On 01/19/2017 11:20 AM, Matej Kosik wrote:
> ...
>    Coq < Check (forall x : Set, x) : Set.
>    Toplevel input, characters 0-32:
>    > Check (forall x : Set, x) : Set.
>    > ^^^^^^^^^^^^^^^^^^^^^^^^^^^^^^^^
>    Error:
>    The term "forall x : Set, x" has type "Type@{Set+1}"
>    while it is expected to have type "Set".
>
>
> So this is not the counter-example that would show that, when I start "coqtop 
> -noinit" it would be the case that:
>
>    Set not only has all the inhabitants of Prop, but it also has some such 
> inhabitants, which are not in Prop.
>
> (in which case we could relax "Prop < Set" to "Prop ≤ Set").
>
> Are there such counter-examples?


I think you are missing some implications of what Bruno Barras said here:

> The reason why Prop:Set does not hold (although it is consistent in the 
> default settings of Coq: think of Set as Type(0) and Type(i) as Type(i+1)) is 
> that Coq allows to make Set impredicative, and we expect this to be an 
> extension of Coq without the option set (all theorems of Coq without the 
> option are theorems of Coq with it).
> With this option set and Prop:Set, Coq would then contain system U which is 
> inconsistent.

(this, by the way, would be a great addition to the FAQ).

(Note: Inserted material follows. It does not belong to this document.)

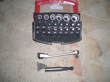 | Kleiner "Ratschenkasten", kein Muss, aber auch recht hilfreich | So sieht dann mein "Kofferraum" aus |

Note that when -impredicative-set is used, then

Check (forall x : Set, x) : Set.

succeeds.  I think that plus the design constraint on Coq Bruno 
mentioned above - all theorems without -impredicative-set are theorems 
with -impredicative-set - might imply that Prop can't bet <= Set even 
without -impredicative-set.

-- Jonathan